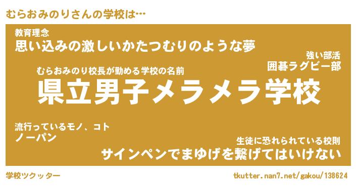 | ヒーロー風カッコイイあだ名 | 『スーパームラオミノリ』『天弓騎士ムラ』 |
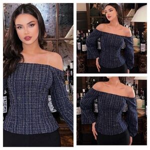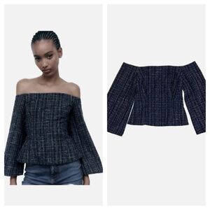 NWT ZARA Tweed Textured Off Shoulder Top Flare Long Sleeves size S
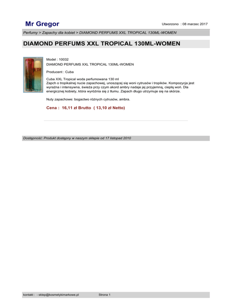 Mr Gregor Utworzono : 08 marzec 2017 Perfumy > Zapachy dla kobiet > DIAMOND PERFUMS XXL TROPICAL 130ML-WOMEN DIAMOND PERFUMS XXL TROPICAL 130ML-WOMEN Model : 10032 DIAMOND PERFUMS XXL TROPICAL 130ML-WOMEN Producent : Cuba Cuba XXL Tropical woda perfumowana 130 ml Zapch o tropikalnej nucie zapachowej, unoszącej się woni cytrusów i tropików. Kompozycja jest wyraźna i intensywna, świeża przy czym akord ambry nadaje jej przyjemną, ciepłą woń. Dla energicznej kobiety, która wyróżnia się z tłumu. Zapach długo utrzymuje się na skórze. Nuty zapachowe: bogactwo różnych cytrusów, ambra. Cena : 16,11 zł Brutto ( 13,10 zł Netto) Dostępność: Produkt dostępny w naszym sklepie od 17 listopad 2010 kontakt : - [email protected] Strona 1
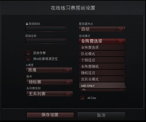 - 现在私人房间加入了中单游戏模式(其他分路将不出兵,允许双方选择相同英雄)
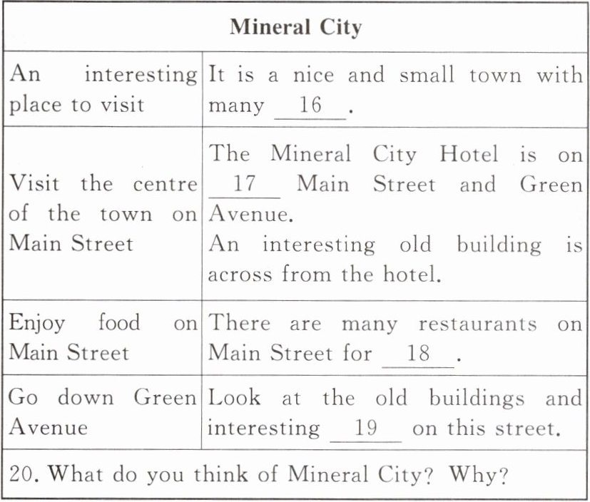 16. old buildings 17. the corner of 18. lunch or dinner 19. shops 20. I think it's a good place to visit. Because it has a long history. /I think it's interesting. Because there are some interesting stores in it. /...
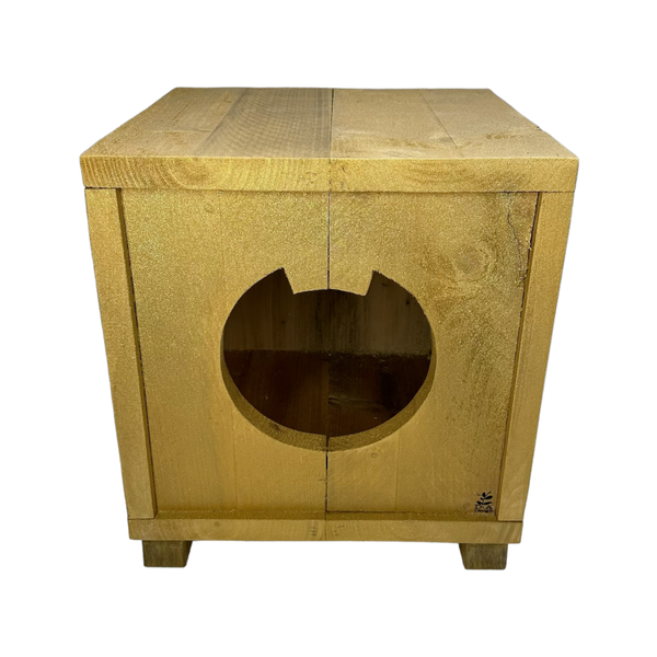 Deze kattenhuis heeft een mooie kleur goud met glitters.
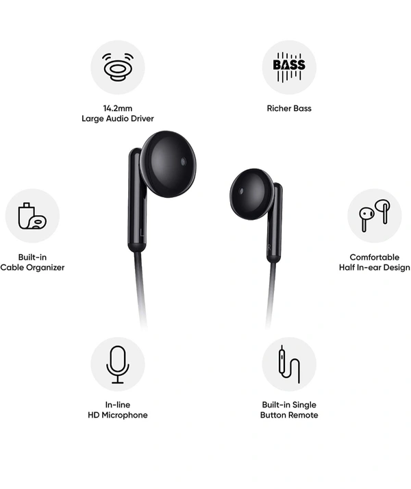 realme Buds क्लासिक वायर्ड ईयरफ़ोन 14.2 mm ड्राइवर, इन-लाइन HD माइक्रोफ़ोन, ऑर्गनाइज़र केबल और टेंगल फ़्री डिज़ाइन के साथ काला
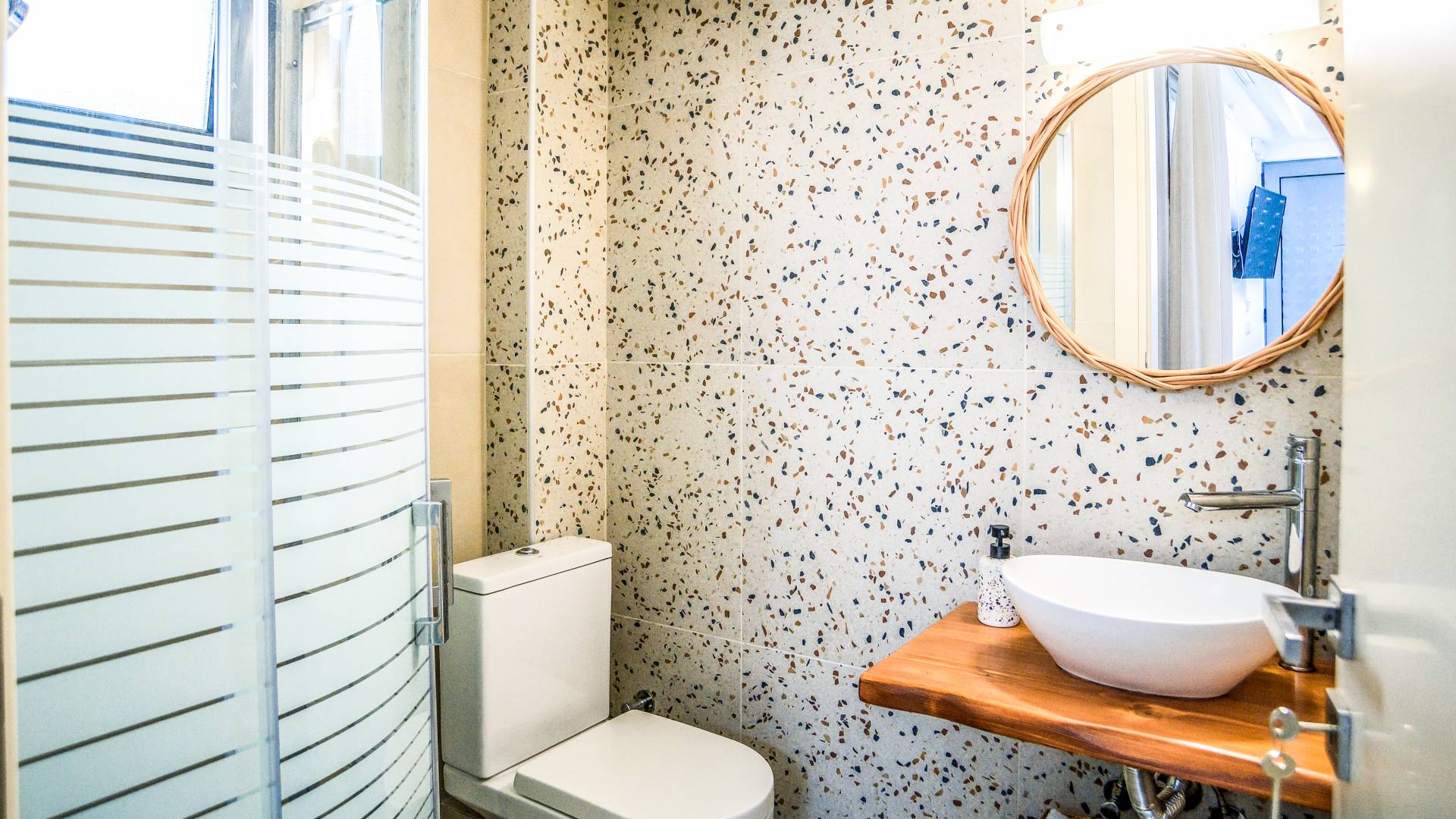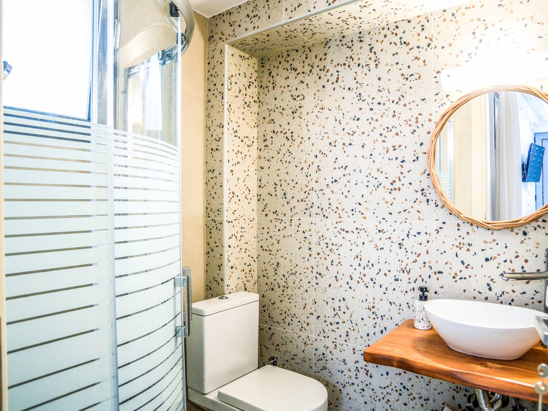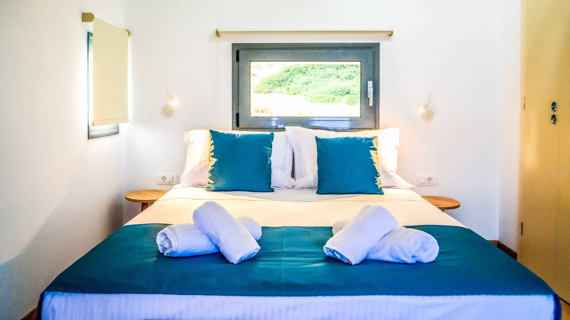 Another internal staircase leads to the top floor attic (level 4), where there is a bedroom with a double size bed, a small bedroom with a single bed, and a bathroom with a shower. All these rooms are fully air-conditioned. Lying on your bed and looking through the window the view seems like painting.
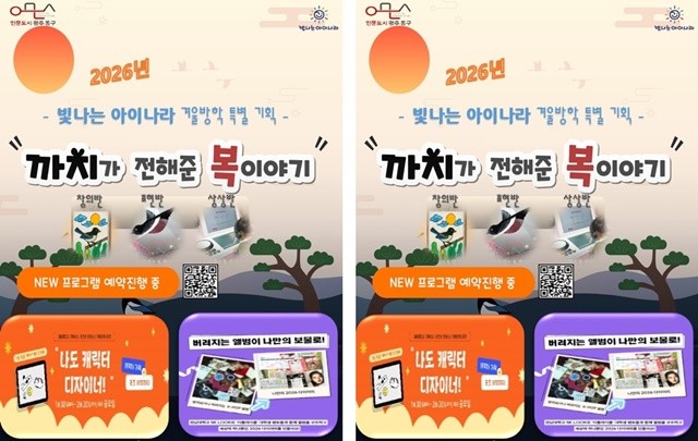 동구 관계자는 “빛나는 아이나라는 아이들이 놀이처럼 예술과 기술을 접하며 성장할 수 있는 도심 속 문화 놀이터”라면서 “겨울방학 동안 가족이 함께 참여해 의미 있는 추억을 만들 수 있는 시간이 되길 바란다”고 말했다.
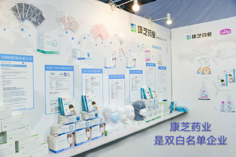 康芝藥業在此次展會上全方位展示了防疫產品,包括醫用口罩、兒童口罩、防護口罩以及消毒產品。
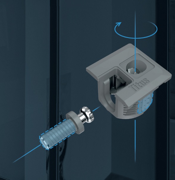 Ātrās montāžas skrūvi/dībeli ievieto materiālā ar roku, un tas izplešas, kad ekscentrs tiek pievilkts, satverot caurumu.
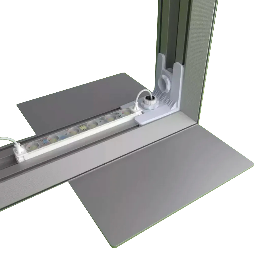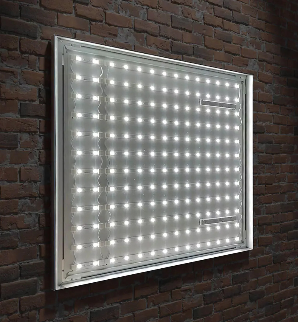 PIXLIP besteht aus leichten Rahmenprofilen, die werkzeuglos zusammengesteckt werden. In den Profilen sitzen integrierte LED-Module, die die Fläche homogen hinterleuchten. Die Grafik ist ein Textildruck mit Silikonkeder (SEG), der randlos in die Nut eingespannt wird.
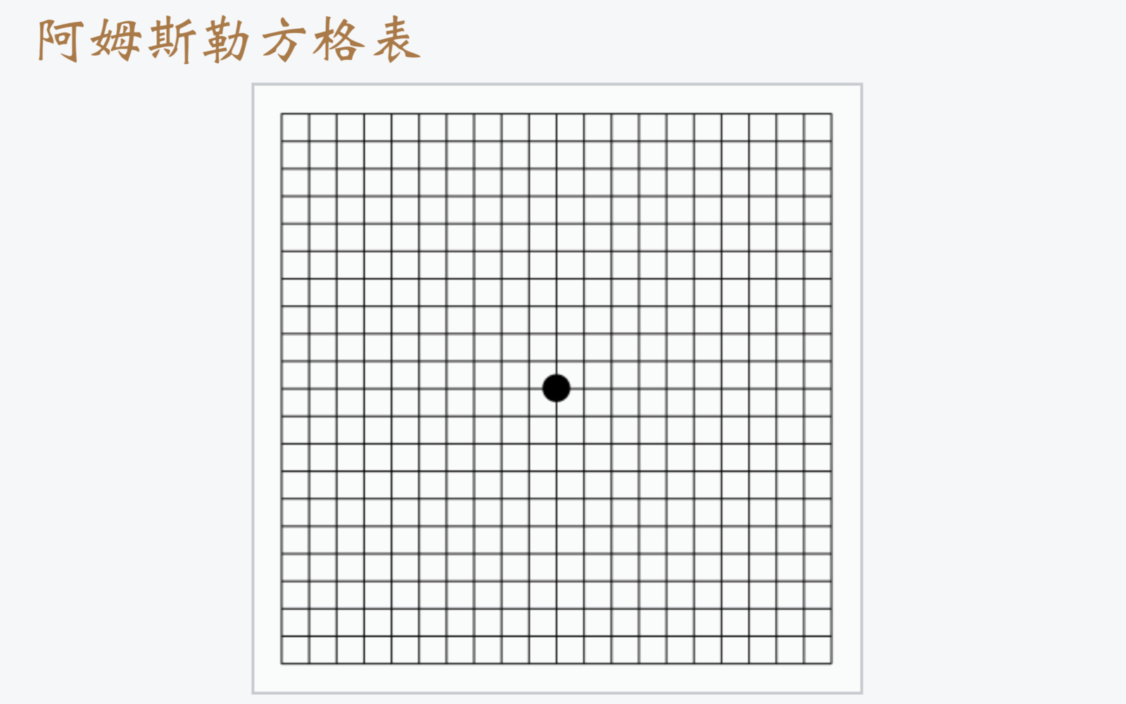 •)正常觀看方格為棋盤狀直線;若出現畫面模糊、扭曲或黑點擴散等非直線狀態,應儘速前往眼科診查。
+++
→ **Exercise brief**:
Copy the data exactly. Any picture it contains is to be omitted.

→ **Result for this exercise**:
 | ヒーロー風カッコイイあだ名 | 『スーパームラオミノリ』『天弓騎士ムラ』 |
 NWT ZARA Tweed Textured Off Shoulder Top Flare Long Sleeves size S
 Mr Gregor Utworzono : 08 marzec 2017 Perfumy > Zapachy dla kobiet > DIAMOND PERFUMS XXL TROPICAL 130ML-WOMEN DIAMOND PERFUMS XXL TROPICAL 130ML-WOMEN Model : 10032 DIAMOND PERFUMS XXL TROPICAL 130ML-WOMEN Producent : Cuba Cuba XXL Tropical woda perfumowana 130 ml Zapch o tropikalnej nucie zapachowej, unoszącej się woni cytrusów i tropików. Kompozycja jest wyraźna i intensywna, świeża przy czym akord ambry nadaje jej przyjemną, ciepłą woń. Dla energicznej kobiety, która wyróżnia się z tłumu. Zapach długo utrzymuje się na skórze. Nuty zapachowe: bogactwo różnych cytrusów, ambra. Cena : 16,11 zł Brutto ( 13,10 zł Netto) Dostępność: Produkt dostępny w naszym sklepie od 17 listopad 2010 kontakt : - [email protected] Strona 1
 - 现在私人房间加入了中单游戏模式(其他分路将不出兵,允许双方选择相同英雄)
 16. old buildings 17. the corner of 18. lunch or dinner 19. shops 20. I think it's a good place to visit. Because it has a long history. /I think it's interesting. Because there are some interesting stores in it. /...
 Deze kattenhuis heeft een mooie kleur goud met glitters.
 realme Buds क्लासिक वायर्ड ईयरफ़ोन 14.2 mm ड्राइवर, इन-लाइन HD माइक्रोफ़ोन, ऑर्गनाइज़र केबल और टेंगल फ़्री डिज़ाइन के साथ काला
 Another internal staircase leads to the top floor attic (level 4), where there is a bedroom with a double size bed, a small bedroom with a single bed, and a bathroom with a shower. All these rooms are fully air-conditioned. Lying on your bed and looking through the window the view seems like painting.
 동구 관계자는 “빛나는 아이나라는 아이들이 놀이처럼 예술과 기술을 접하며 성장할 수 있는 도심 속 문화 놀이터”라면서 “겨울방학 동안 가족이 함께 참여해 의미 있는 추억을 만들 수 있는 시간이 되길 바란다”고 말했다.
 康芝藥業在此次展會上全方位展示了防疫產品,包括醫用口罩、兒童口罩、防護口罩以及消毒產品。
 Ātrās montāžas skrūvi/dībeli ievieto materiālā ar roku, un tas izplešas, kad ekscentrs tiek pievilkts, satverot caurumu.
 PIXLIP besteht aus leichten Rahmenprofilen, die werkzeuglos zusammengesteckt werden. In den Profilen sitzen integrierte LED-Module, die die Fläche homogen hinterleuchten. Die Grafik ist ein Textildruck mit Silikonkeder (SEG), der randlos in die Nut eingespannt wird.
 •)正常觀看方格為棋盤狀直線;若出現畫面模糊、扭曲或黑點擴散等非直線狀態,應儘速前往眼科診查。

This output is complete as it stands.